JP2013015512A - Water quality measuring apparatus and filtration unit - Google Patents

Abstract

PROBLEM TO BE SOLVED: To highly accurately detect and count microorganisms.SOLUTION: A water quality measuring apparatus 1 includes: a small capacity sample concentration part 2 for concentrating and collecting microorganisms included in sample water by a filtration film; a fluorescent labeling part 4a for combining fluorescent-labeled antibodies with microorganisms collected by the small capacity sample concentration part 2; and a measurement part 4b for detecting and counting the microorganisms by measuring fluorescent intensity by using an optical detector 43. The fluorescent labeling part 4a and the measurement part 4b are controlled always at the same temperature by a temperature control device 49. Since degradation of an SN ratio due to a change of the fluorescent intensity by the influence of an external temperature in measurement can be suppressed, the microorganisms can be highly accurately detected and counted.

Description

  The present invention relates to a water quality measuring device and a filtration unit for detecting and counting microorganisms contained in raw water such as environmental water such as rivers and lakes and treated water in each treatment process of water and sewage.

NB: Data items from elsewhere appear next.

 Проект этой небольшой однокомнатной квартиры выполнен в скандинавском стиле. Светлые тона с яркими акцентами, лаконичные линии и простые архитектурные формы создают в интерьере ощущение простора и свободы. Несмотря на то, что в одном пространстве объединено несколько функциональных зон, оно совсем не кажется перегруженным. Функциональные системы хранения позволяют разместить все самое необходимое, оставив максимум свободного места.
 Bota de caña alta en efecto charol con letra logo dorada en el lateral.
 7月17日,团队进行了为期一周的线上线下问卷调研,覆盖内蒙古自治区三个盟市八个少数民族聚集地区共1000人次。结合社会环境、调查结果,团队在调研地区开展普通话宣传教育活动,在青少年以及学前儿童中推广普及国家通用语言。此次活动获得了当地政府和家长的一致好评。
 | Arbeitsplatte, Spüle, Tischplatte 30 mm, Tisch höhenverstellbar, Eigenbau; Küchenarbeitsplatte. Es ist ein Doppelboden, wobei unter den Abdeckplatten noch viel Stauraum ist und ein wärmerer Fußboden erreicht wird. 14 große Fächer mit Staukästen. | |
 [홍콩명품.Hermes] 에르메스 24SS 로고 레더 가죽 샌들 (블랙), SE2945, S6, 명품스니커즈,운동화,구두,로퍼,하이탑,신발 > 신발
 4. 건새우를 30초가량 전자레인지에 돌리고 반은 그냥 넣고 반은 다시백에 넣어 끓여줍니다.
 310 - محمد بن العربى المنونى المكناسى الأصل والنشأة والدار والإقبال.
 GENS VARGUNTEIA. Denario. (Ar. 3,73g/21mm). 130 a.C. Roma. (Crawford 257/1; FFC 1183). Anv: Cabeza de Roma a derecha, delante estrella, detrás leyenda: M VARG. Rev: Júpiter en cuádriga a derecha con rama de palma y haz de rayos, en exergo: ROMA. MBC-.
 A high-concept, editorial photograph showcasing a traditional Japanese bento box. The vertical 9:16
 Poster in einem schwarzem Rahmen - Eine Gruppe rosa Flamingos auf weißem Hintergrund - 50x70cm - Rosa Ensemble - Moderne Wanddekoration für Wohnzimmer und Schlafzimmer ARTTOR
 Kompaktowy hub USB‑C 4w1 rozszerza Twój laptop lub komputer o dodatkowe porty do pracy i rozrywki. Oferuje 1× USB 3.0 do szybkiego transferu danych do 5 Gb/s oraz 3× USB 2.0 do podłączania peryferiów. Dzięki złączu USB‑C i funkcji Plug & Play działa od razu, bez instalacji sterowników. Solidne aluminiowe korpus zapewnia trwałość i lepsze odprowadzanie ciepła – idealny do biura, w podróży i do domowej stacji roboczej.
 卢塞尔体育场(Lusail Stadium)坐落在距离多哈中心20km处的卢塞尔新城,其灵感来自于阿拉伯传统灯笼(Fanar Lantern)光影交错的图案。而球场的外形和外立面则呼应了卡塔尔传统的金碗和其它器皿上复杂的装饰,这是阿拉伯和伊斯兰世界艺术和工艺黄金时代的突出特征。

  In recent years, the occurrence of water-borne infectious diseases caused by protozoa such as Cryptosporidium, bacteria such as enterohemorrhagic Escherichia coli O157 and Legionella, and microorganisms such as viruses has become a major social problem. In order to prevent the occurrence of waterborne infections, it is important to monitor microorganisms in the water treatment process. Against this background, the patent applicant concentrates the microorganisms contained in the sample water by membrane filtration, collects the microorganisms captured on the membrane by passing the washing liquid through the filtration unit, and fluoresces the collected microorganisms. A water quality measuring device that binds labeled antibodies and detects and counts microorganisms using a fluorescence detector has been proposed (see Patent Document 1).

JP 2010-236861 A

  However, in the conventional water quality measuring device, the SN ratio deteriorates due to the change of the label (fluorescence) intensity of the microorganism due to the influence of the external temperature at the time of measurement, and the microorganism may not be detected and counted with high accuracy. Moreover, in the conventional water quality measuring apparatus, the sample water tank for storing the sample water and the cleaning water tank for storing the cleaning liquid are installed at a position lower than the filtration unit. For this reason, according to the conventional water quality measuring device, the pressure required during filtration increases, and the pressure applied to the membrane tends to fluctuate, so that the recovery rate of microorganisms tends to fluctuate. Further, according to the configuration of the conventional filtration unit, when the filtration membrane is reversely washed, the filtration membrane may be damaged or deformed by the washing pressure in the reverse direction to the normal time that occurs during the reverse washing.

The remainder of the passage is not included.